С длинными седыми волосами, в белой ночной рубахе, бабушка казалась существом из потустороннего мира. Исаак Левитан. Пляска ведьм (Ночь на Ивана Купалу). 1882. Литографии в журнале «Москва». 1882.№ 25. С. 202. Российская национальная библиотека, СПб |
В нашей с бабушкой комнате было две кровати. Моя стояла у стенки, рядом с дверью. Бабушкина располагалась напротив, у окна. Из мебели в комнате еще присутствовал большой, от пола до потолка, деревянный двухстворчатый шкаф с зеркалом на одной из створок и бабушкина швейная машинка в углу.
Машинка была черная, старинная, с деревянной столешницей, с деревянными ящичками, с черными металлическими ажурными, как у Эйфелевой башни, ножками и такой же, похожей на вензель, прямоугольной педалью. (Сегодня эта швейная машинка могла бы легко украсить какой-нибудь провинциальный краеведческий музей.)
Днем, когда бабка быстро-быстро работала этой педалью, она была похожа на целеустремленного гонщика, который почему-то никак не может стартовать и уехать. Ночь приходила, когда бабушка щелкала тугим выключателем над моим ухом, электрическая лампочка гасла, и я лежал во мраке с уже бесполезной книжкой в руках.
Однако полной темноты не наступало.

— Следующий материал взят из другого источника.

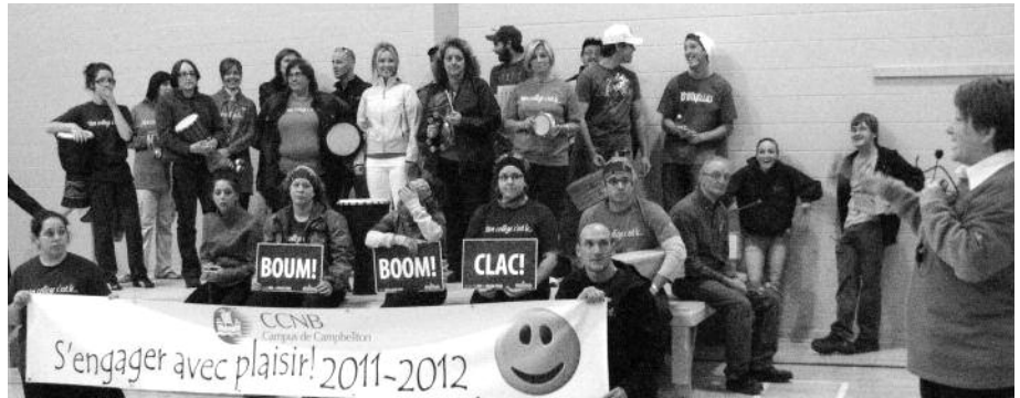
S'engager avec plaisir ! 2011-2012 ; voilà une banderole qui en dit long sur la volonté de l'établissement à promouvoir le mieux-être.

Из окна над бабушкиной кроватью часто падал мягкий свет луны и звезд. Выключив свет, бабка некоторое время стояла, держась рукой о спинку моей кровати, привыкая к полумраку. Пообвыкнув, она неуверенно шла к своему ложу возле окна, деревянные половицы тяжко скрипели под ее босыми ногами.

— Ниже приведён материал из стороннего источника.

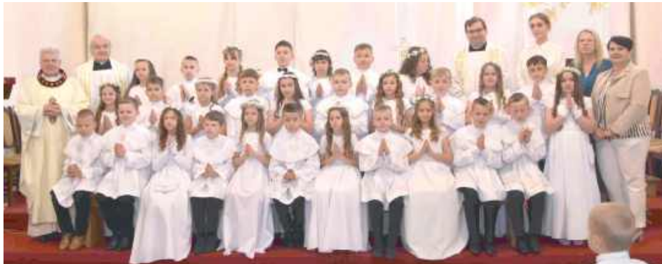
Pierwszą Komunię Świętą w Kąkolewnicy przyjęło 29 dzieci

Uroczystość rozpoczęła się na placu przed kościołem św. Filipa Neri. To właśnie tam rodzice udzielili swoim dzieciom błogo-
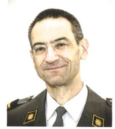
col SMG Stefan Holenstein

Dal punto di vista della politica militare e di sicurezza, il 2017 si preannuncia un anno complesso. Nel primo trimestre del 2017 la Società Svizzera degli Ufficiali (SSU) si trova ad affrontare una serie di sfide importanti che riguardano, in particolare, l'attuazione dell'ulteriore sviluppo dell'esercito (USEs) e i relativi progetti.
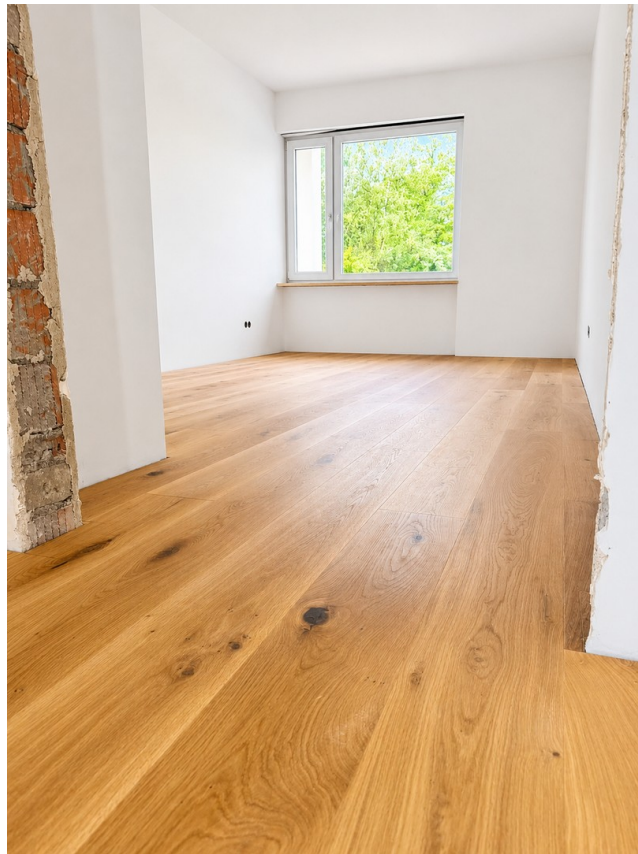
Schlafzimmer1 - akt. Stand

Полумрак сразу преображал действительность. С распущенными на ночь длинными седыми волосами, в белой ночной рубахе, в рассеянном свете луны, бабушка мне иногда казалась существом из потустороннего мира. И стоило мне только подумать об этом, как в голове у меня тут же появлялось слово: «Ведьма».
Тогда мне становилось не по себе. Иногда получалось прогнать от себя эти мысли. Но чаще страх захватывал меня, и я лежал в кровати, не чувствуя своего тела. Особенно жутко было в безлунные ночи, когда бабка гасила свет, я напряженно всматривался в темноту и видел только, как белый цвет штрихует просверками черноту. Как будто бабка исчезла, а осталась только одна ее белая рубаха, которая сама по себе медленно плывет по комнате от двери к окну.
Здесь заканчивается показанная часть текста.